Why is the 90K level important for BTC?
90K is a potential capitulation point where broad position closures could trigger rapid reversals and a strong rally. If price momentum weakens at 105K, market structure may allow a deeper move to 90K, where accumulation and sentiment shifts are likely to create tradable alpha.
When should traders consider entries near 90K?
Consider entries at 90K when you observe clear accumulation volume, delta reversal from sell-side to buy-side, and clustered buy orders on the heatmap. Risk manage with tight stops and size positions to account for high volatility around capitulation events.
Frequently Asked Questions
What indicators confirm a reversal at 105K?
Look for sustained positive delta, rising volume on buy-side, decreasing liquidation heatmap intensity, and visible accumulation candles. Confirm with multiple timeframes and position-flow data before committing capital.
How can traders use delta flows to spot opportunities?
Delta flows show net aggressor behavior. If retail is selling (negative delta) in a long-liquidation zone, contrarian traders can plan opposite entries when accumulation appears and order flow shifts toward buys.
Is 90K a guaranteed bottom for Bitcoin?
No — 90K is a crucial zone, not a guarantee.
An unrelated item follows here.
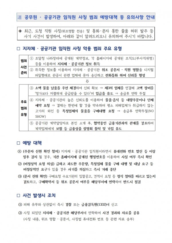 [알림] 경기도 공직자 사칭 사례 공유 및 유의사항 안내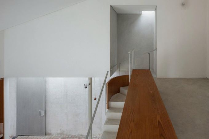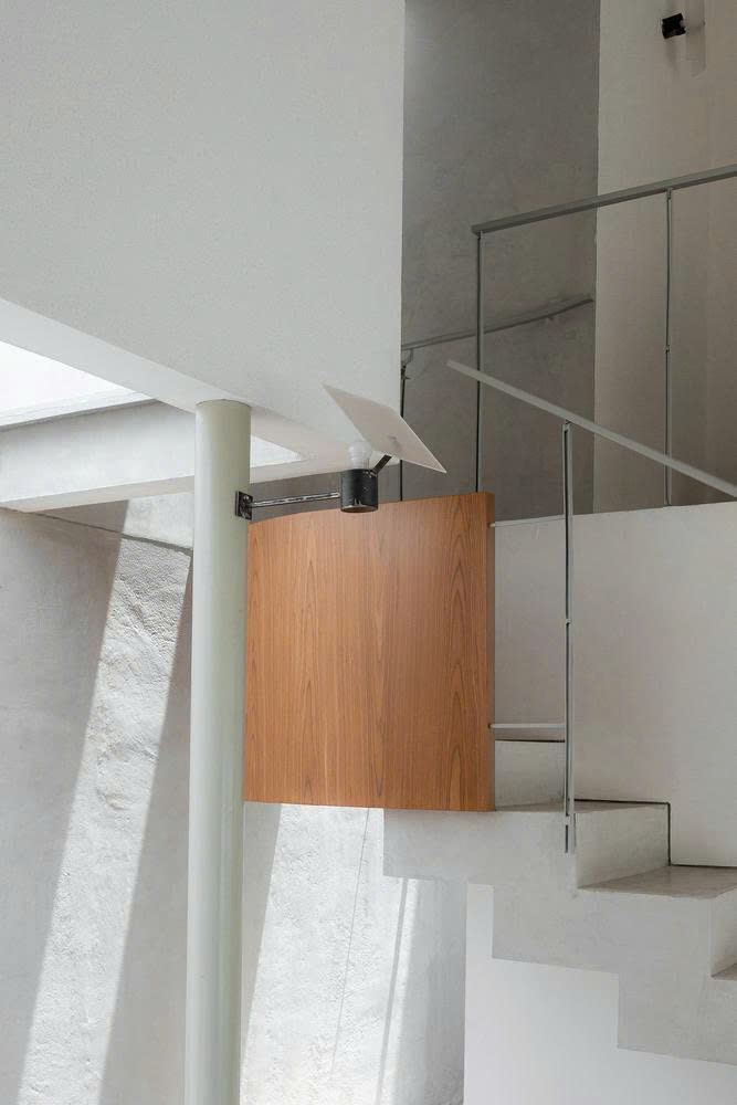 Cầu thang bê tông không tay vịn truyền thống được thay bằng tay nắm kim loại thanh mảnh, tăng tính hiện đại và giữ tinh thần tối giản

It represents a likely area for capitulation-based reversals, but traders must confirm with volume, delta, and heatmap accumulation before assuming a bottom.
Key Takeaways
- 108K–104K is a high-risk, high-reward zone: heavy long liquidations and short accumulation require cautious position sizing.
- Delta and volume alignment matters: use both to confirm accumulation or distribution before entering trades.
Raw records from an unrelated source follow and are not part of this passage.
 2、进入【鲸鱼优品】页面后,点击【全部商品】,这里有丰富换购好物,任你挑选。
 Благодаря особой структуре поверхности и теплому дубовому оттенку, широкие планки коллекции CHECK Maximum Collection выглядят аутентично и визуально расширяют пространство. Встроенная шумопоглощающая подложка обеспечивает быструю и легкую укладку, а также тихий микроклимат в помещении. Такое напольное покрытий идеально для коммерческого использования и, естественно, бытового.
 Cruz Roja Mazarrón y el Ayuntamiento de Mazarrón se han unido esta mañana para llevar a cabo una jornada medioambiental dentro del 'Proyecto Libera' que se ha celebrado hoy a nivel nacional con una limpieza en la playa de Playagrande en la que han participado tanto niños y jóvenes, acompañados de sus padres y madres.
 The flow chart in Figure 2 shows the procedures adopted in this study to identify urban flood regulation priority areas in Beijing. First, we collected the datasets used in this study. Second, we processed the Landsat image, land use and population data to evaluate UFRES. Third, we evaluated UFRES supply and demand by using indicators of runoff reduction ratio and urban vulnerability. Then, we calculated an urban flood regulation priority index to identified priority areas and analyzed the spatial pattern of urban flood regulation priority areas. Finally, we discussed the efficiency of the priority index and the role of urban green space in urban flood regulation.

- 90K can trigger rapid reversals: treat positions around capitulation zones with strict risk management and confirmatory signals.
Conclusion
Bitcoin’s 105K and 90K zones define the next phase of directional risk: the 108K–104K range tests liquidity and short accumulation, while 90K could be the decisive capitulation and reversal area. Traders should prioritize delta flows, volume-based accumulation, and heatmap structure to construct disciplined entries and manage risk. COINOTAG will continue monitoring on-chain and order-flow signals for follow-up analysis.
105K or 90K? Decoding BTC’s Next Big Alpha Signal
On the BTC aggregated liquidation levels heatmap, we can see the 3-month build-up of positions.
In the 108K–104K range, most long positions get wiped out and shorts take over. This is one of the possible Alpha signals where new… pic.twitter.com/tvhiGthQnu
— Boris. (Fundingvest) August 30, 2025
Boris noted, “Track delta flows — if retail is selling, you can set up the opposite position. Understanding sentiment shifts through these flows can strengthen decision-making for active traders.” The analysis emphasizes aligning delta readings with volume-based accumulation for accurate positioning.
The market’s slight pessimism suggests that movements toward key levels are carefully monitored. If delta signals weakness, the price may push lower, affecting the accumulation and reversal strategy. Conversely, strong delta readings could signal a rebound, presenting opportunities for informed entries.
Published by COINOTAG on 2025-08-31. Updated 2025-08-31.